Il rispetto dei tempi, insieme alla certezza dei costi erano essenziali: il Nuovo Polo è un progetto autofinanziato da Fondazione Fiera Milano, per un valore di circa ottocento milioni di euro compreso l'acquisto delle aree . Una parte delle risorse finanziarie sarebbero venute dalla successiva valorizzazione e vendita dei due terzi del quartiere fieristico storico, ma per cominciare a costruire era necessario ricorrere al credito bancario . Un rigoroso piano industriale ha convinto un pool di banche guidato da Banca Intesa a dare fiducia al progetto e al suo promotore: un atteggiamento "imprenditoriale" del sistema creditizio certamente non usuale, così come lo è stato il ricorso alla Borsa: Fiera Milano Spa, una società del Gruppo di Fondazione Fiera Milano, è stata la prima fiera a quotarsi in Borsa, con soddisfazione dei suoi azionisti. Il rispetto degli impegni finanziari doveva dunque essere un must , così come lo sarebbero state le scadenze di consegna della nuova struttura.

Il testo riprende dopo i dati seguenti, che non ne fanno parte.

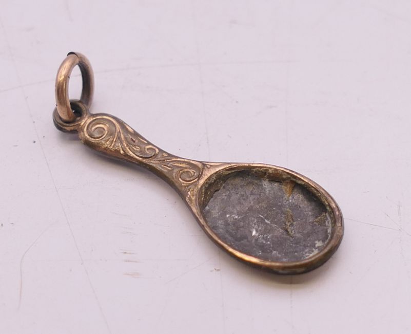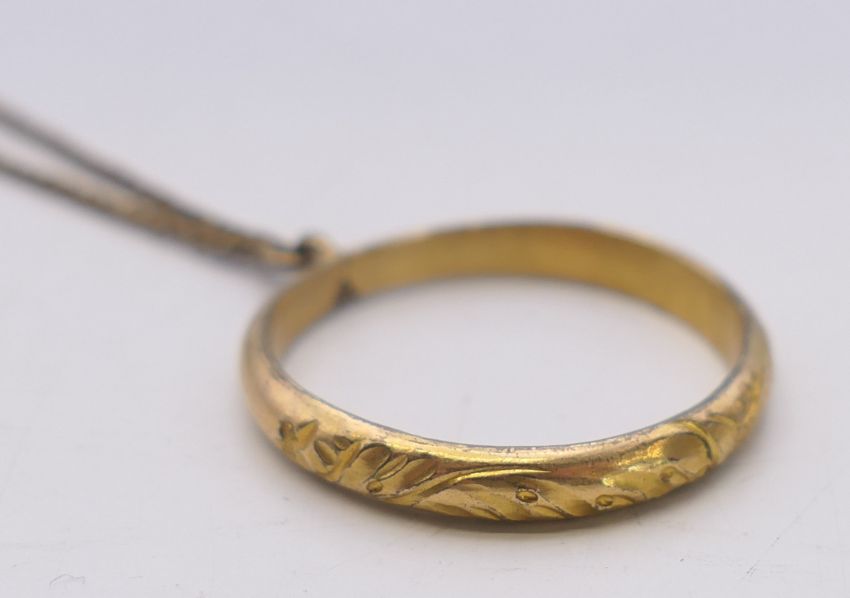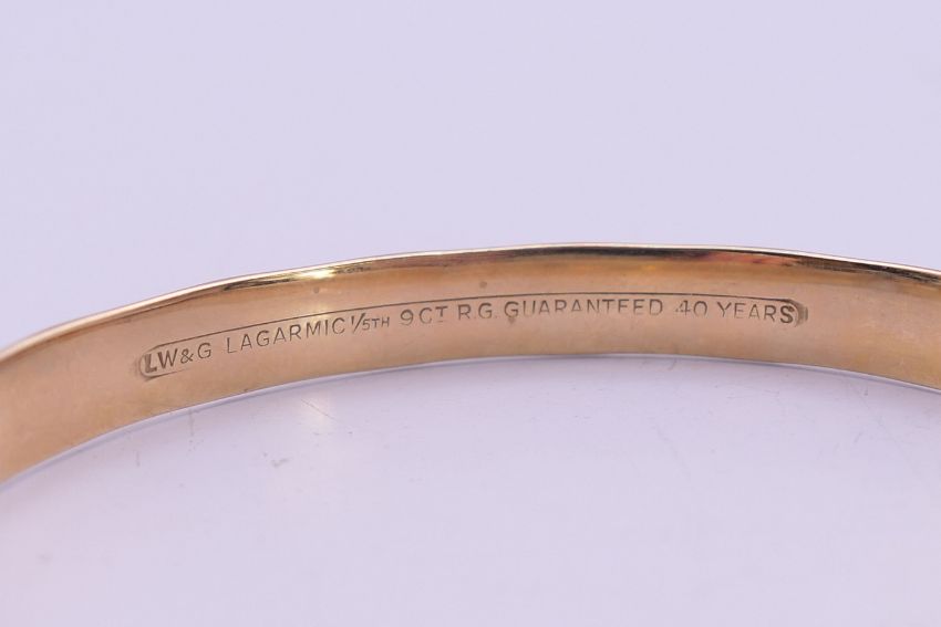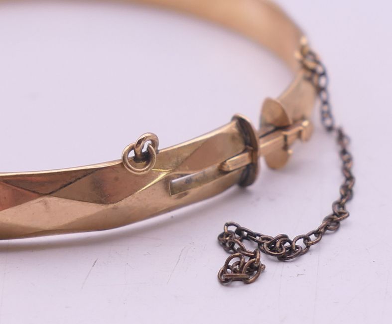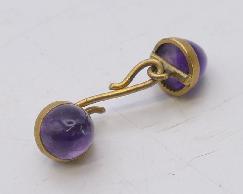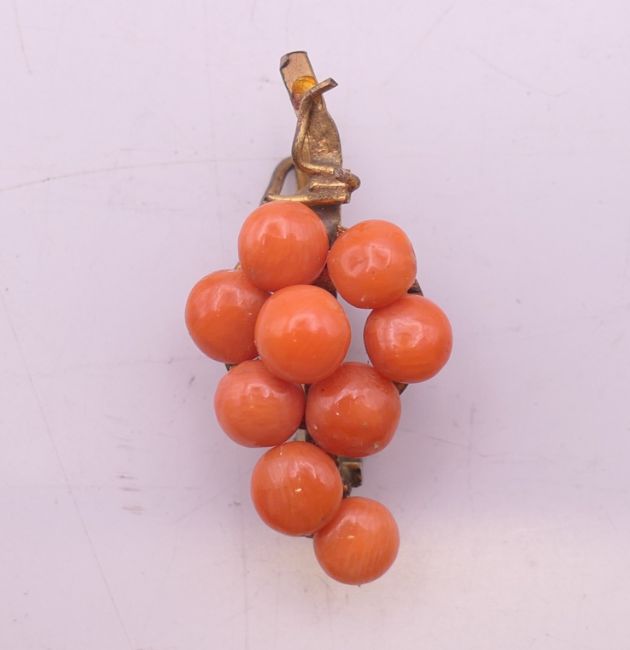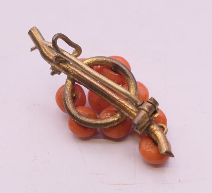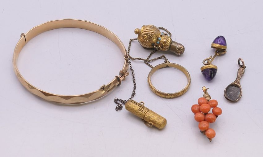 A quantity of various jewellery, to include: a 1/5th 9 ct gold bangle, a coral grapevine brooch, a miniature lorgnette case, an amethyst cufflink?, etc.

Che cos'è e come funziona il modello contrattuale del General contractor?
Mutuando un sistema contrattuale già in uso in altri Paesi, Fondazione e Sviluppo Sistema lanciano - per la prima volta in Italia - una gara per l'assegnazione dei lavori a un General contractor, un raggruppamento unico di imprese, responsabile effettivo della struttura. Dapprima il mercato ha avuto una reazione interlocutoria, scettica; nonostante questo, alla gara - vinta dal gruppo di società Astaldi, Pizzarotti & C. e Vianini Lavori, su progetto dell'architetto Massimiliano Fuksas - hanno partecipato grandi nomi dell'imprenditoria e dell'architettura, italiani ed europei. Per il Nuovo Polo di Fiera Milano, tuttavia, esisteva un progetto già pronto. La soluzione più scontata sarebbe stata di affidarlo, così com'era, a un'impresa costruttrice: idea subito accantonata. La severa selezione del General contractor, invece, e la qualità dei progetti presentati, ci hanno dimostrato che ricercare la bellezza, l'emblematicità, l'impatto estetico oltre che funzionale di una grande opera è una scelta vincente. "Fare le cose belle non costa molto di più che fare le cose brutte", ci siamo detti allora. Io ne sono convinto ancora oggi.
Il General contractor si è impegnato a fornire un progetto di qualità, a realizzarlo e a fare la manutenzione della struttura per cinque anni, con un contratto che definiva a priori e in modo tassativo i costi e i tempi dell'opera . Tempi davvero molto brevi: trenta mesi dall'inizio dei lavori. La posa della prima pietra del Nuovo Polo è stata il 6 ottobre 2002. L'inaugurazione, il 31 marzo 2005.
Il ruolo cardine delle istituzioni: un'altra importante innovazione?
Questa sfida, Fondazione Fiera Milano e Sviluppo Sistema Fiera non l'hanno affrontata da sole. Al loro fianco le istituzioni, la Regione Lombardia, la Provincia, i Comuni di Milano, di Rho e di Pero. Un progetto come il Nuovo Polo di Fiera Milano non sarebbe stato possibile se non fosse stato inserito in un piano di sviluppo complessivo del territorio. Ha trasformato l'area nord ovest di Milano, con un impatto economico su tutta la comunità. Sin dall'Accordo di Programma del 1994, con l'istituzione del Collegio di Vigilanza, una "cabina di regia" con pieni poteri di guida, il privato e il pubblico hanno lavorato insieme, per il bene del territorio, ritrovandosi ogni volta fosse necessario prendere una decisione o risolvere un problema. Anche sotto il profilo della governance, il Nuovo Polo è stato emblematico. Così come l'impegno delle istituzioni locali a realizzare le infrastrutture di accesso e di collegamento: strade e autostrade, la metropolitana, la ferrovia. Senza queste opere, la grande struttura sarebbe stata solo una scatola vuota e inutile.